Walking whets our appetite and we decide that Apollo Bay, an hour's drive up the coast is as good a place as any to halt for lunch. Along the way, we leave behind the picturesque little hamlets and pass our first kangaroo.
Day 1: 2 pm
Originally called Paradise by the first European settlers, Apollo Bay, a former whaling port nestles in the picturesque foothills of the Great Otway National Park. Lunch is fresh seafood, warm bread and some delicious pasta at a café decorated with portraits of women of Rubenesque proportions.

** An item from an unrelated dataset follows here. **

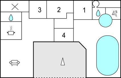 Badkamer (nr. 1) - Toilet: warm en koud water. Douche
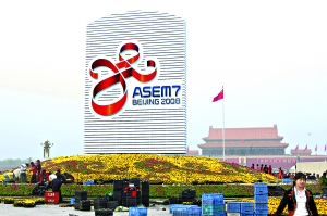 昨天,天安門廣場中心花壇基本完成“變身”,第七屆亞歐首腦會議標(biāo)識在廣場上亮相。李剛攝

Further up the road is Port Campbell, our final destination of the day before sundown. Just out of Apollo Bay, the Great Ocean Road leaves its coastal brief and veers inland as it heads through Lavers Hill, the highest point in the Great Otway Park, which totals around 142,000 hectares. The scenery switches to a leafy tunnel of mountain ash, gum, beech and mighty fern gullies that cuts out most of the daylight. We half expect to see a T-Rex thundering through the vegetation around the next bend! For a chance of a lifetime we decide to take a small detour and do a walk through the canopies of some of the tallest trees in Australia via the Otway Fly Treetop Walk. This 600-metre-long walk allows us to see the magnificent rainforest from a different perspective, 25 metres above the ground.
Day
1: 5.30 pm
Since making it to Port Campbell before sundown is near impossible, we decide to climb to the top of mainland Australia's oldest lighthouse. Built in 1848, the Cape Otway Lightstation towers over 80 metres above the surging waters of the Bass Strait and Southern Ocean. Cape Otway was the first landfall for vessels sailing the Great Circle Course from South Africa's Cape of Good Hope to the eastern Australian colonies. Riding the gales, ships were swept through savage seas before coming abruptly to this rocky cape. With only the 90-kilometre wide Bass Strait separating Cape Otway from King Island, making it through this gap was known as 'threading the needle'. To fail was to end up as scraps of wood and canvas against the mighty cliffs. Little wonder then that the next 130 kms of the road has earned the name Shipwreck Coast with over 80 major shipping disasters.
The view like much of the Ocean Road we have covered is amazing. The sun sets like a nosebleed, painting the vast expanse of the ocean and sky, hues of red and gold; it is one of those moments that leave you speechless.
We opt to stay the night at the Light Keepers heritage-listed cottages. Paul Thompson, the manager, keeps us regaled with tales of ghosts, drunken lighthouse-keepers and exploding sheds. The sandman visits as soon as my head hits the pillow in the comfy cottage. Vivid dreams of shipwrecks, vintage airplanes, and Rubenesque women mark the passage of the night.